Pierre et Jean

Guy de Maupassant

Les Phares (Chapitre 2)

De "Ayant fait encore quelques pas..." à "...comme on serait tranquille, peut-être !"




Plan de la fiche sur le chapitre 2 de Pierre et Jean de Maupassant :
Introduction
Texte étudié
Annonce des axes
Commentaire littéraire
Conclusion


Introduction

    Ce texte est un extrait du roman naturaliste Pierre et Jean de Maupassant, roman publié en 1888. Maître Lecanu a annoncé aux Roland l'héritage laissé à Jean par Léon Maréchal. Les deux frères sont partis chacun de leur côté.

    Dans cet extrait, Pierre réfléchit, face à la mer, à ce qui vient de se passer. Il assiste à un beau spectacle nocturne dans le port du Havre.

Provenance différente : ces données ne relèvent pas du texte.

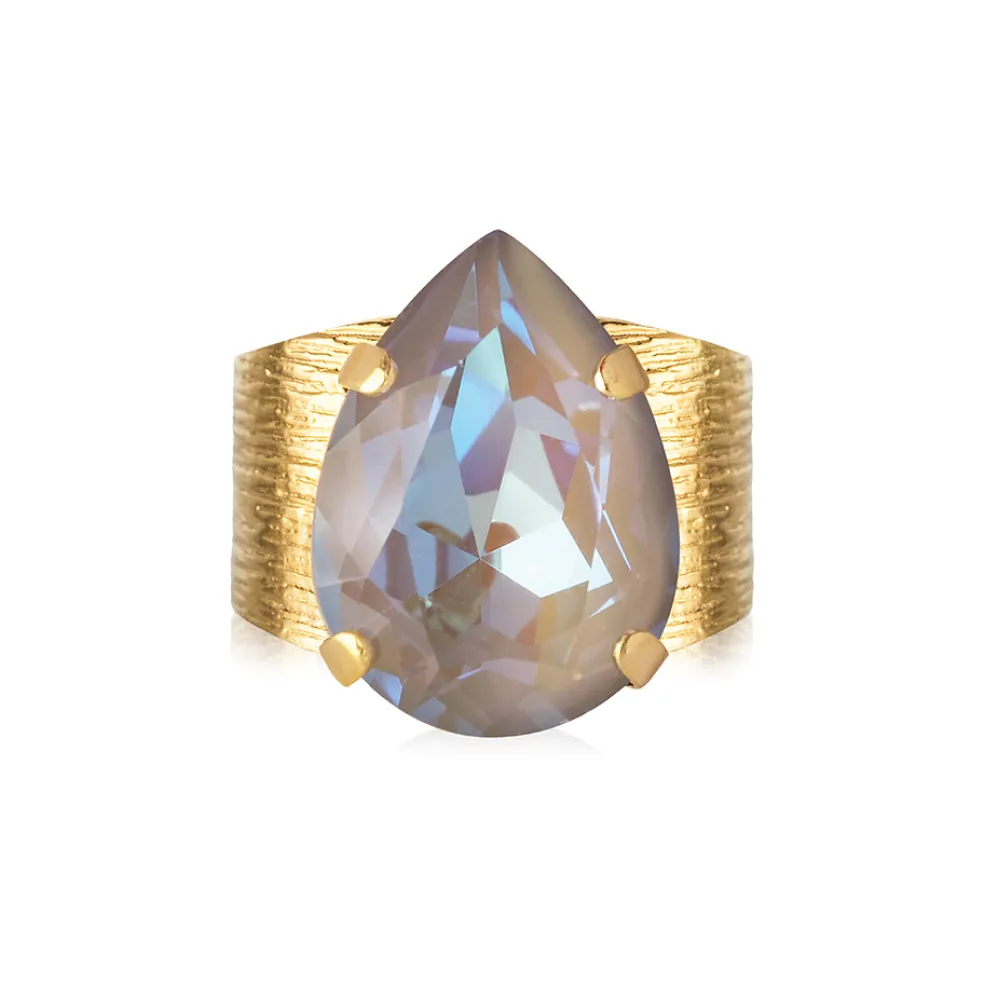 Ringen Classic Drop med sin droppformade kristall ses här i 18 karats guldplätering med den blå kristallen Serene Delite.
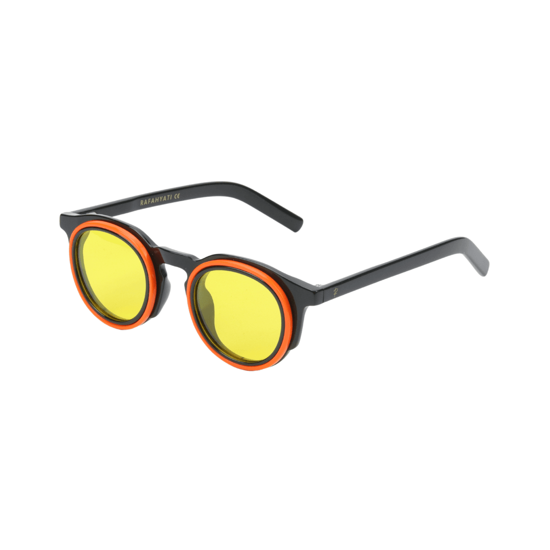 • Design : Monture ronde noire avec un contour orange vibrant, idéal pour un style moderne et affirmé.

Pierre et Jean - Maupassant



Texte étudié

    Ayant fait encore quelques pas, il s'arrêta pour contempler la rade. Sur sa droite, au-dessus de Sainte-Adresse, les deux phares électriques du cap de la Hève, semblables à deux cyclopes monstrueux et jumeaux, jetaient sur la mer leurs longs et puissants retards. Partis des deux foyers voisins, les deux rayons parallèles, pareils aux queues géantes de deux comètes, descendaient, suivant une pente droite et démesurée, du sommet de la côte au fond de l'horizon. Puis sur les deux jetées, deux autres feux, enfants de ces colosses, indiquaient l'entrée du Havre ; et là-bas, de l'autre côté de la Seine, on en voyait d'autres encore, beaucoup d'autres, fixes ou clignotants, à éclats et à éclipses, s'ouvrant et se fermant comme des yeux, les yeux des ports, jaunes, rouges, verts, guettant la mer obscure couverte de navires, les yeux vivants de la terre hospitalière disant, rien que par le mouvement mécanique invariable et régulier de leurs paupières : "C'est moi. Je suis Trouville, je suis Honfleur, je suis la rivière de Pont-Audemer." Et dominant tous les autres, si haut que, de si loin, on le prenait pour une planète, le phare aérien d'Etouville montrait la route de Rouen, à travers les bancs de sable de l'embouchure du grand fleuve.
    Puis sur l'eau profonde, sur l'eau sans limites, plus sombre que le ciel, on croyait voir, ça et là, des étoiles. Elles tremblotaient dans la brume nocturne, petites, proches ou lointaines, blanches, vertes ou rouges aussi. Presque toutes étaient immobiles, quelques-unes, cependant, semblaient courir ; c'étaient les feux des bâtiments à l'ancre attendant la marée prochaine, ou des bâtiments en marche venant chercher un mouillage.
    Juste à ce moment la lune se leva derrière la ville ; et elle avait l'air du phare énorme et divin allumé dans le firmament pour guider la flotte infinie des vraies étoiles.
    Pierre murmura, presque à haute voix :
    "Voilà, et nous nous faisons de la bile pour quatre sous !" Tout près de lui soudain, dans la tranchée large et noire ouverte entre les jetées, une ombre, une grande ombre fantastique, glissa. S'étant penché sur le parapet de granit, il vit une barque de pêche qui rentrait, sans un bruit de voix, sans un bruit de flot, sans un bruit d'aviron, doucement poussée par sa haute voile brune tendue à la brise du large.
    Il pensa : "Si on pouvait vivre là-dessus, comme on serait tranquille, peut-être !"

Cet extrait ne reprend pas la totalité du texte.